TASK TO CARRY OUT
Copy out precisely the lines from the start of the data through the line with "Jeans a vita", and keep pictures out of it.

SUPPLIED MATERIAL
···

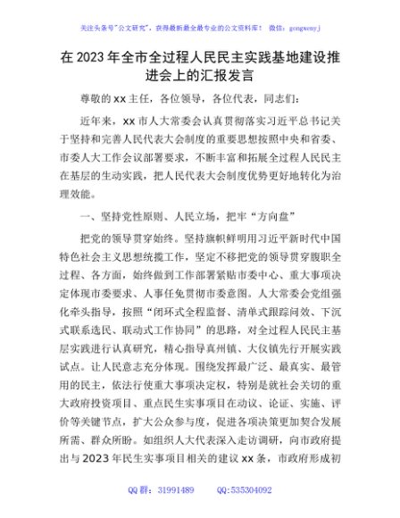 / 在2023年全市全过程人民民主实践基地建设推进会上的汇报发言
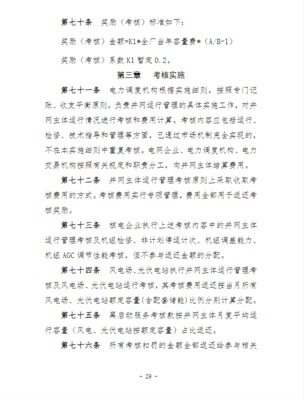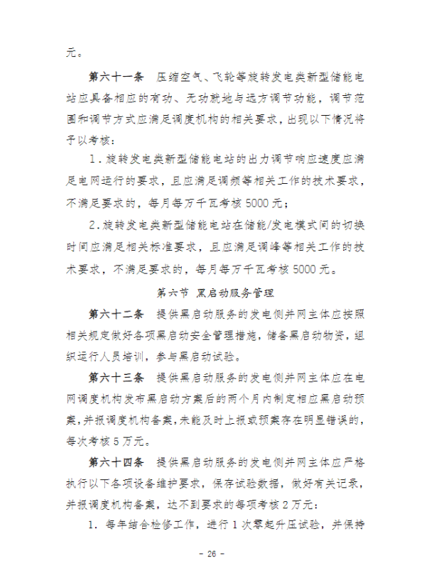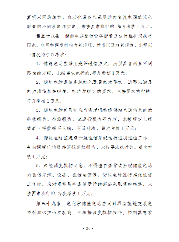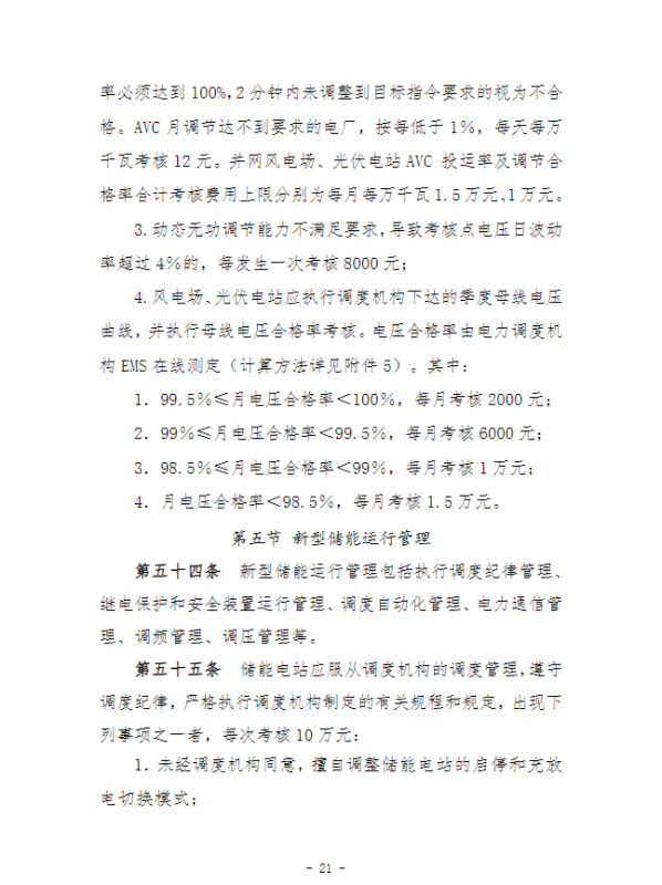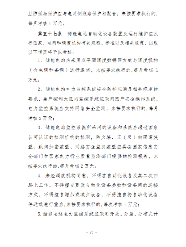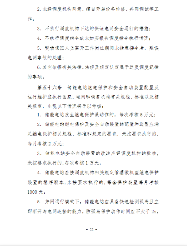 在并網(wǎng)運(yùn)行管理細(xì)則中,“新型儲(chǔ)能運(yùn)行管理”、“抽水蓄能電站可用率管理”章節(jié),明確要求儲(chǔ)能電站應(yīng)服從調(diào)度機(jī)構(gòu)的調(diào)度管理,出現(xiàn)各類(lèi)違規(guī)情況將需要支付考核費(fèi)用:如出現(xiàn)擅自調(diào)整儲(chǔ)能電站的啟停和充放電切換模式、擅自開(kāi)展設(shè)備檢修并網(wǎng)調(diào)試工作、或值班人員離守延誤電網(wǎng)事故處理等情況,每次考核10萬(wàn)元;儲(chǔ)能電站發(fā)生繼電保護(hù)誤動(dòng)作的,每次考核5萬(wàn)元;儲(chǔ)能電站繼電保護(hù)及安全自動(dòng)裝置的配置和選型未按要求執(zhí)行的,每月考核2萬(wàn)元。
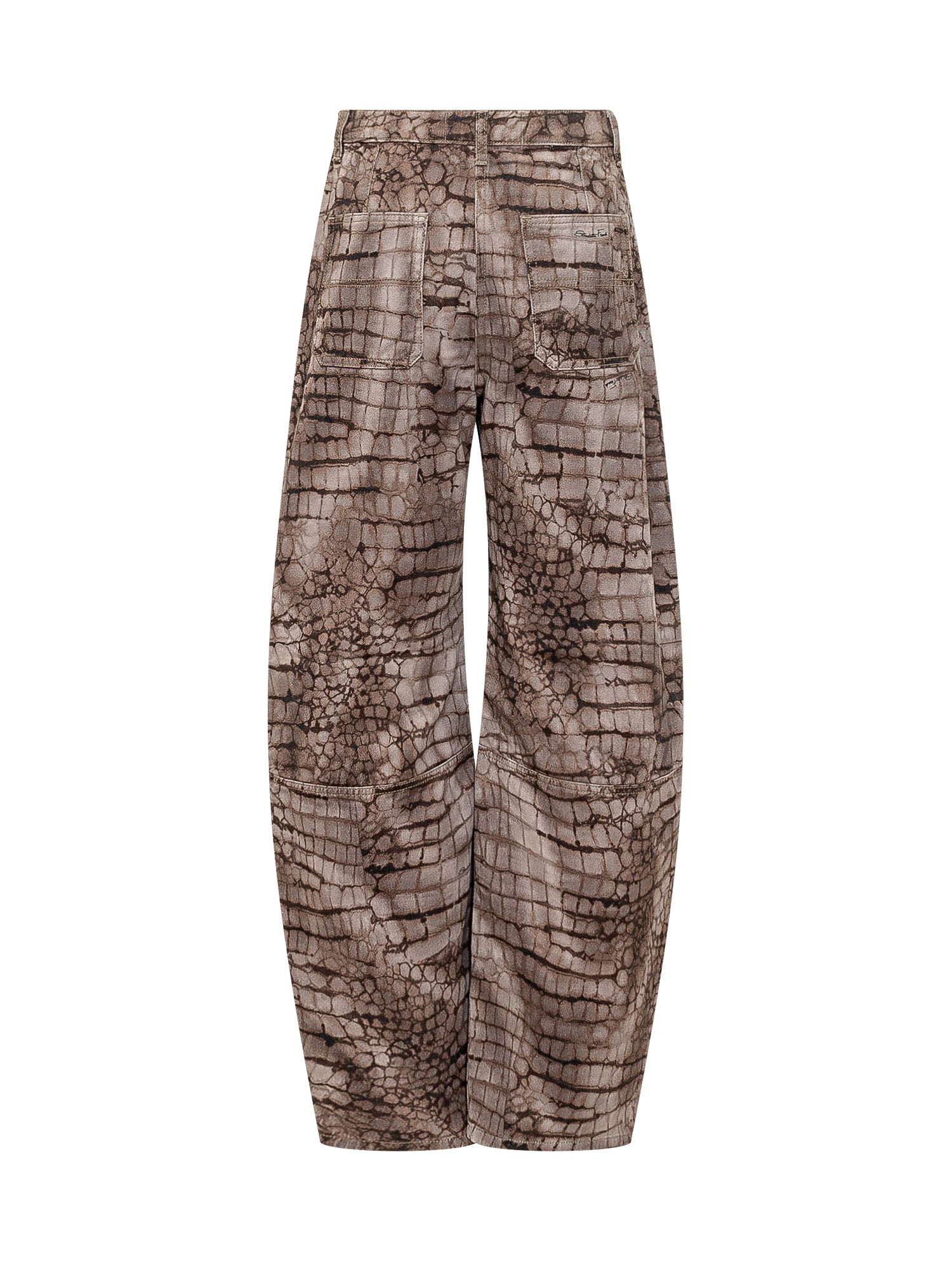 Jeans a vita alta con gamba ampia e taglio balloon, motivo effetto pelle con texture animalier, cuciture a pannelli che definiscono la linea, chiusura con bottone e zip.
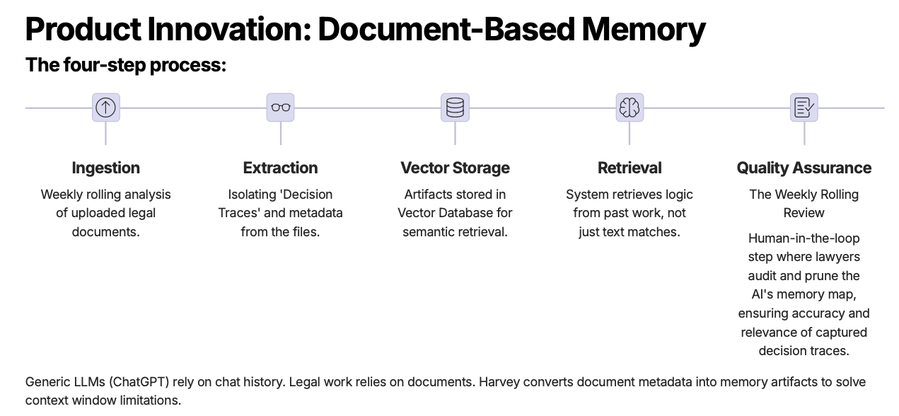 I spent this weekend breaking down Winston Weinberg's podcast and building an intelligence deck on Harvey's product strategy (links below). Most coverage focuses on growth metrics - 550 employees, massive funding, AmLaw 100 adoption. That misses the architecture.

···

ANSWER BELOW
 / 在2023年全市全过程人民民主实践基地建设推进会上的汇报发言
 在并網(wǎng)運(yùn)行管理細(xì)則中,“新型儲(chǔ)能運(yùn)行管理”、“抽水蓄能電站可用率管理”章節(jié),明確要求儲(chǔ)能電站應(yīng)服從調(diào)度機(jī)構(gòu)的調(diào)度管理,出現(xiàn)各類(lèi)違規(guī)情況將需要支付考核費(fèi)用:如出現(xiàn)擅自調(diào)整儲(chǔ)能電站的啟停和充放電切換模式、擅自開(kāi)展設(shè)備檢修并網(wǎng)調(diào)試工作、或值班人員離守延誤電網(wǎng)事故處理等情況,每次考核10萬(wàn)元;儲(chǔ)能電站發(fā)生繼電保護(hù)誤動(dòng)作的,每次考核5萬(wàn)元;儲(chǔ)能電站繼電保護(hù)及安全自動(dòng)裝置的配置和選型未按要求執(zhí)行的,每月考核2萬(wàn)元。
 Jeans a vita alta con gamba ampia e taglio balloon, motivo effetto pelle con texture animalier, cuciture a pannelli che definiscono la linea, chiusura con bottone e zip.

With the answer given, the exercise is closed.